Compte tenu de l’appréciation négative que nous faisons de l’évolution prévisible de l’école maternelle française, malgré l’avis favorable donné par les parents d’élèves buressois, nous voterons contre cette décision.
Le Maire : Monsieur COLLET...
Patrice COLLET : Vous pourrez noter encore une fois que l’on vote pour, cette fois-ci, s'il vous plaît. On vote pour parce que l’on pense que cette configuration a quand même pas mal d’avantages pour les enfants, notamment le fait qu’il y ait moins de décharges à temps partiel et que c’est très favorable pour l’enseignement.

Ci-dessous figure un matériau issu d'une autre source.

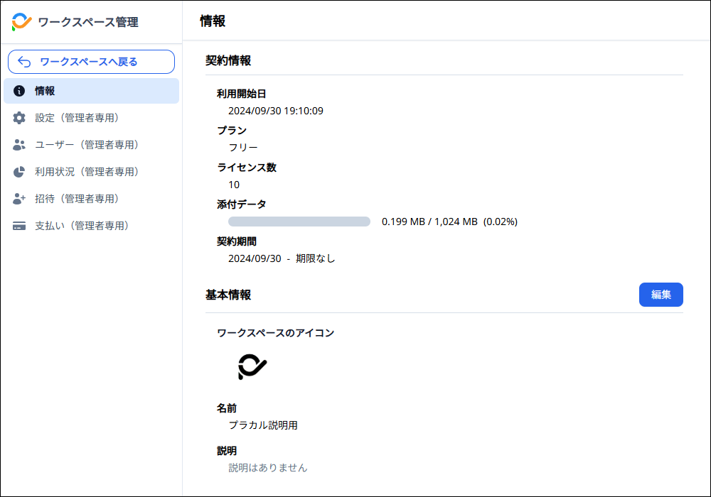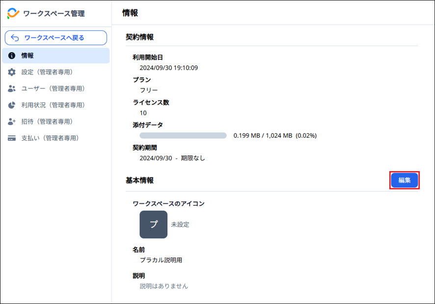 3)ワークスペース管理の「情報」画面で、基本情報の「編集」をクリックします。
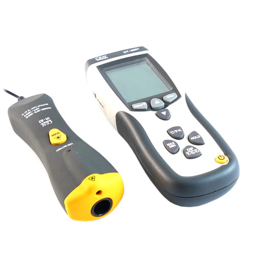CEM DT-8891 to miernik temperatury z możliwością podłączenia dwóch sond typu K i dodatkowej przystawki do pirometrycznego pomiaru temperatury.
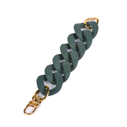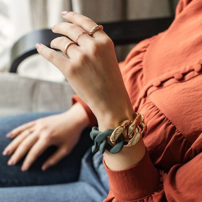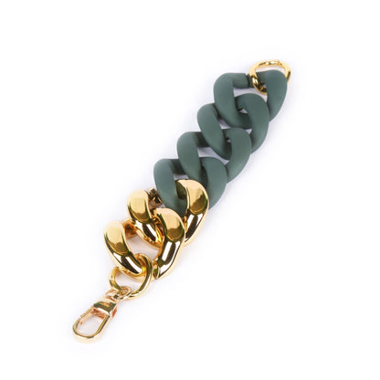Made with exceptional craftsmanship in France, our Large Acrylic Link Bracelet in Olive Green and Gold is a must-have accessory for any ensemble.
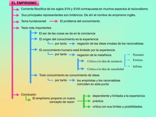 Este documento resume las principales ideas del empirismo como corriente filosófica de los siglos XVII y XVIII. El empirismo sostiene que todo conocimiento proviene de la experiencia y que las ideas no son innatas, sino que surgen a partir de la experiencia. Sus principales representantes fueron filósofos británicos como Thomas Hobbes, John Locke, George Berkeley y David Hume. El empirismo propone que la razón humana depende de los límites de la experiencia sensible.
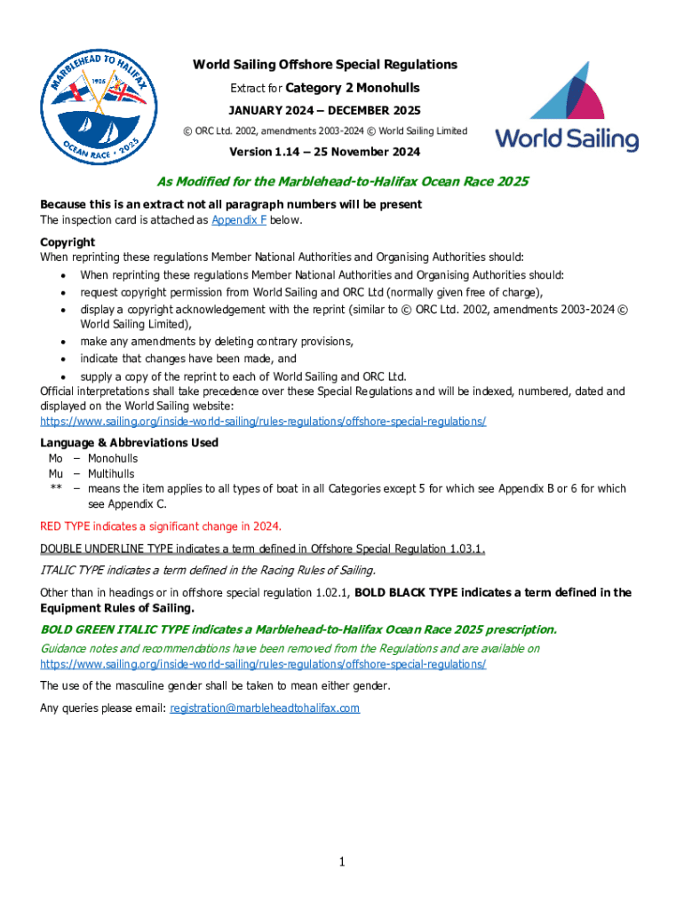 World Sailing Offshore Special Regulations Extract for Category 2 Monohulls JANUARY 2024 DECEMBER 2025 ORC Ltd. 2002, amendments 20032024 World Sailing LimitedVersion 1.14 25 November 2024As Modified
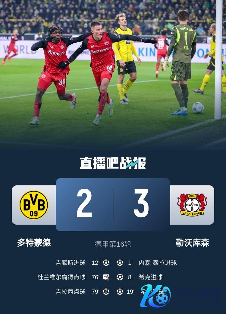 直播吧1月11日讯 德甲第16轮,多特镇守主场伊杜纳信号公园球场对阵勒沃库森。上半场,泰拉开场24秒闪击,希克双响立功,吉滕斯进球。易边再战,希克错失戴帽良机,吉拉西点射立功。最终多特2-3勒沃库森。积分榜方面,勒沃库森先赛距榜首拜仁1分,多特25分第六。

Le Maire : Je partage totalement votre point de vue, Monsieur COLLET. À cela, j’ajoute la personnalité et la compétence de la directrice de la maternelle qui va prendre en charge tout l’établissement.
Je n’ai pas de raison de penser non plus qu’il n’y a personne d’autre directeur d’école en France qui soit capable de diriger ce groupe scolaire, Monsieur TREILLE, une fois que la directrice actuelle ne sera plus là.
J’y vois, pour le coup, moi, en tant que maire, un avantage. Au regard du projet de rénovation de l’école, le fait d’avoir un seul interlocuteur, c’est bien, c’est positif.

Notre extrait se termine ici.